Point 2 is a bit subtle. They say “at rest” code isn’t used, but the data generated when Copilot reads that code and generates suggestions is collected. So private code can still contribute indirectly to model training. That part personally makes me a little uneasy.

How to Opt Out

The process is straightforward:

  1. Log into GitHub
  2. Go to Settings → Copilot → Features
  3. Under the Privacy section, disable “Allow GitHub to use my data for AI model training”

If you previously opted out of data collection for product improvements, your preference is preserved. But if you’ve never touched this setting, it’ll be enabled by default starting April 24.

One caveat — if your personal account belongs to an Organization, this setting may not be visible depending on org policies. Check with your org admin.

Why This Matters (and Why It Might Not)

The case for concern:

Your code snippets entering the training pipeline means patterns from your code could surface in suggestions to other developers. If you’re working on proprietary algorithms or sensitive business logic, that’s worth thinking about. For developers working in private repos, “we don’t use your source code at rest” isn’t fully reassuring.

The case for calm:

Realistically, Copilot is already trained on billions of lines of public code. A few snippets from your interactions are statistically unlikely to have a meaningful impact on the model. And interaction-based training is about improving which suggestions are useful, which makes the tool better for everyone.

For my personal projects, I’m not going to opt out. I’m fine contributing to Copilot getting better. But for company code, I’ll absolutely be checking.

The Bigger Picture

This policy change isn’t unique to GitHub. The pattern of offering AI tools for free or cheap while using interaction data to improve models is becoming an industry standard. Google’s Gemini, Anthropic’s Claude — similar policies exist or are coming.
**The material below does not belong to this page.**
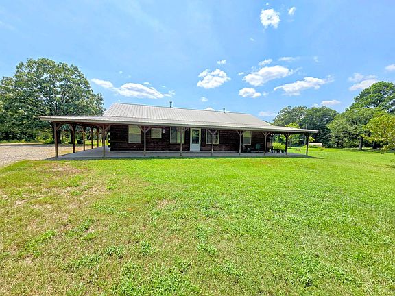 Find the perfect blend of rustic charm and modern comfort with this stunning 3-bedroom, 2-bathroom log home with 1,344 square feet on just over 3 acres of peaceful countryside. Enjoy breathtaking mountain views, a stocked pond teeming with catfish and bass, and nearby access to the Ouachita National Forest-making it an outdoor enthusiast's paradise. Step inside to a warm and inviting interior featuring beautiful knotty pine walls, vaulted ceiling, an open-concept kitchen and living area, and a cozy wood-burning stove. The home also has central heat and air, ensuring year-round comfort. Each bedroom offers private access to the expansive wrap-around porch, where you can relax and take in the serene surroundings. The master suite has 2 walk-in closets and the bathroom features a luxurious jacuzzi tub, perfect for unwinding after a long day. You can keep your personal property protected with the built-in gun safe. This property also boasts a full RV hookup for guests, a storm cellar for added security, and a variety of fruit and pecan trees, providing seasonal harvests. Whether you're looking for a private retreat or a home with endless outdoor possibilities, this unique property has it all!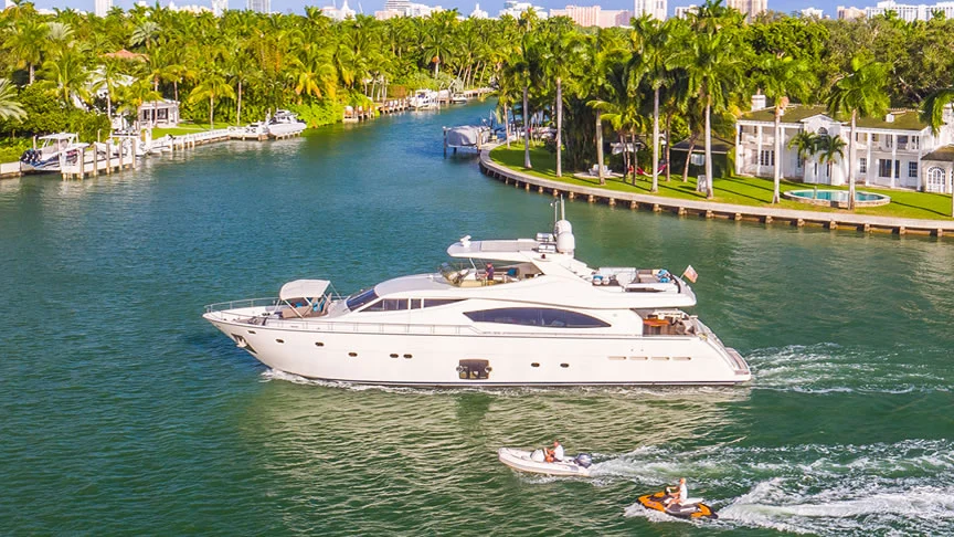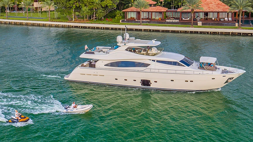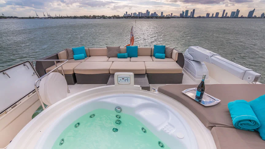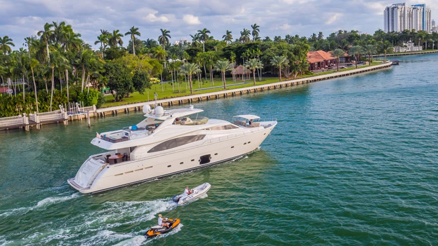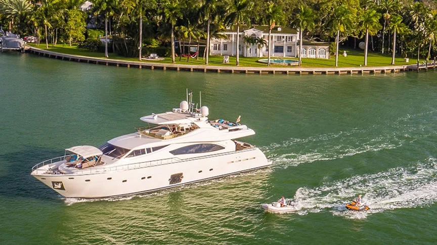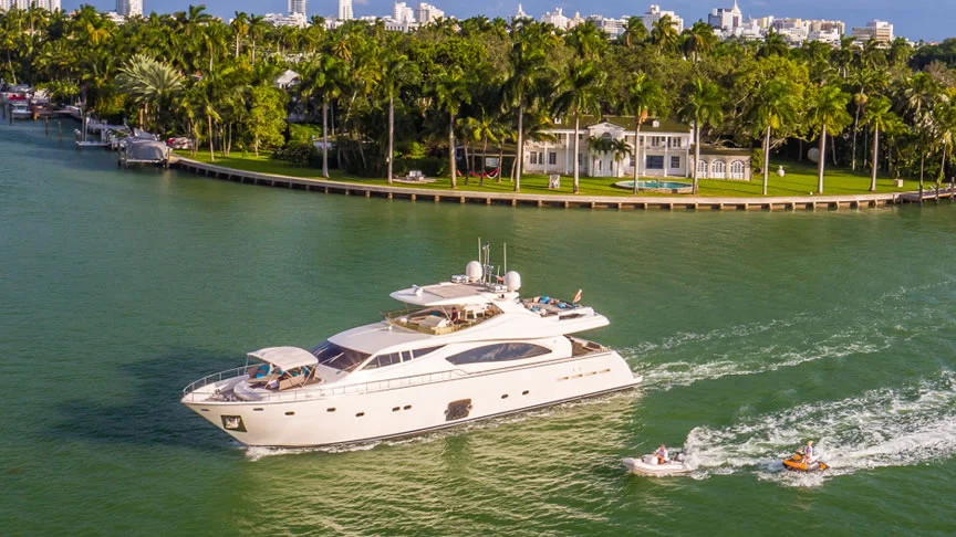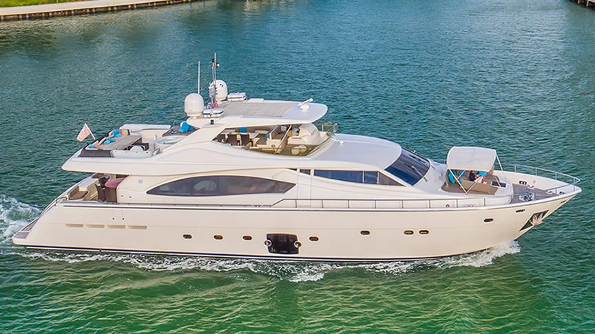 Cinque 88ft Ferretti Flybridge Yacht Charter in Miami Florida Featured

What makes this especially sensitive in the developer tools space is that code is intellectual property. Text conversations and code are fundamentally different in nature.

Ultimately, it’s a personal decision. Having an opt-out setting at all is a positive. But choosing opt-out as the default rather than opt-in will inevitably draw criticism. Requiring users to actively disable collection, rather than actively enable it, is a deliberate design choice — and not one that favors the user.

Checklist: What to Do Now

  • Check your settings at GitHub Settings → Copilot → Features
  • If you’re an org admin, review Copilot data policies at the Organization level
  • Share the April 24 changes with your team
  • Re-evaluate sensitive code exposure when using Copilot in private repos

It’s a one-time check before April 24. Takes five minutes.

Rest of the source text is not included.